Session: From Mormon to Scholar: The Use of Collaborative Autoethnography in Social Justice Work (Society for Social Work and Research 24th Annual Conference - Reducing Racial and Economic Inequality)

192 From Mormon to Scholar: The Use of Collaborative Autoethnography in Social Justice Work

Saturday, January 18, 2020: 8:00 AM-9:30 AM
Independence BR F, ML 4 (Marriott Marquis Washington DC)
Cluster: Research Design and Measurement (RD&M)
Peter Fawson, PhD, Appalachian State University, Rachel Wright, PhD, Appalachian State University, Justin Lee, Idaho State University, M. Candace Christensen, PhD, University of Texas at San Antonio and Jeanna Jacobsen, PhD,
Collaborative autoethnography (CAE) is a qualitative research methodology and method that is collaborative, autobiographical, and ethnographic and allows for several researchers to combine their lived experiences to examine a particular shared phenomenon (Chang, Ngunijiri, & Hernandez, 2012; Hernandez, Chang, & Ngunjiri, 2017). CAE is a powerful research methodology for exploring sensitive topics because it allows for a deeply personal examination of particular phenomena. CAE places strong focus on the context of the phenomena, aligning with social work's emphasis on the importance of the person-in-environment perspective. The workshop includes five panelists (from four different universities) who are engaged in a CAE exploring their former Mormon identities, their process of leaving the Mormon faith community, and their transition into becoming social work-social justice scholars. The purpose of this workshop is to introduce attendees to CAE methodology and methods, present an exemplar of CAE, and engage in a discussion as to how CAE can be used to re-center marginalized populations in the research process. Within this workshop, participants will explore methodological strategies when designing a rigorous CAE qualitative study. Facilitators will examine the role of the researcher in a CAE, including potential subjectivity and bias when the research focus includes oneself. The workshop will explore techniques to enhance trustworthiness when undertaking a collaborative project that includes a flexible methodology and design. Workshop facilitators will discuss the use of technology to support CAE with distance collaborators. Finally, the workshop will explore ethical considerations within a CAE, such as how data is collected, ownership of data, voice represented in analysis, authorship order for publication, and informed consent in a project that does not offer participant confidentiality and potentially identifies collateral contacts of participant. The workshop will address the conference theme by examining how researchers and practitioners can use CAE to reduce racial and economic inequality through methodological research practices that empower marginalized groups to collectively engage in identity research that emphasizes underrepresented voices and analysis of cultural experience.

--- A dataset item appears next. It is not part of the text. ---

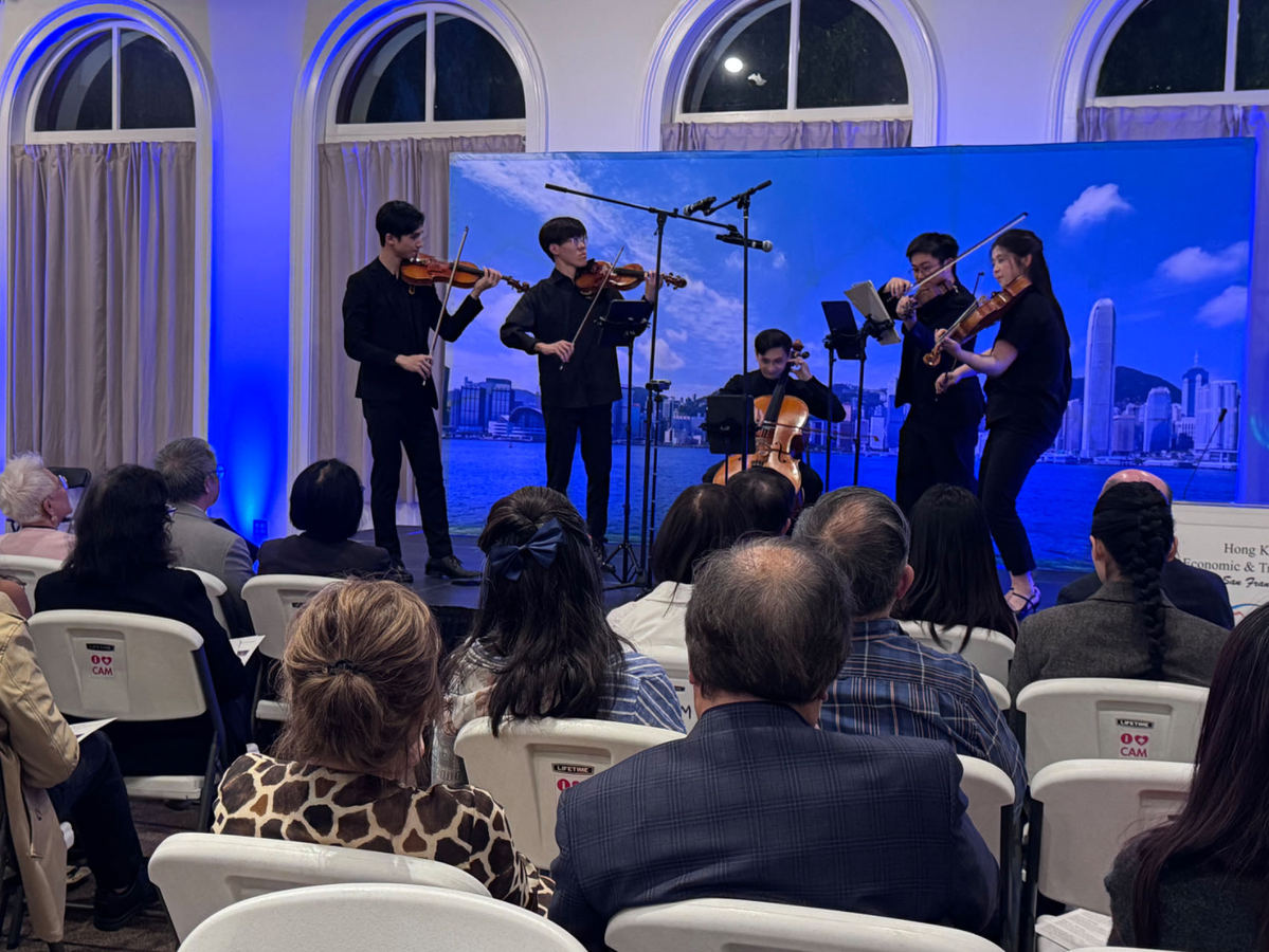 At a Hong Kong cultural evening held on Monday at the Chinese American Museum in Los Angeles, the ensemble presented a program that blended Western classical works with music rooted in Hong Kong's cultural identity. Pieces included Over the Harbour, a contemporary composition inspired by Victoria Harbour, and beloved songs such as Below the Lion Rock.

During the 90 minute workshop session, facilitators will: 1) present CAE methodology including details about study design, data collection, and analysis; 2) describe their work conducting a CAE on their experiences of leaving the Mormon church and the impact this had on their development of social work and social justice scholar identities; 3) discuss specific challenges and strengths of a CAE methodology; and 4) lead a discussion on how CAE can be used to examine areas such a racial and economic inequality by re-centering marginalized populations in the research process.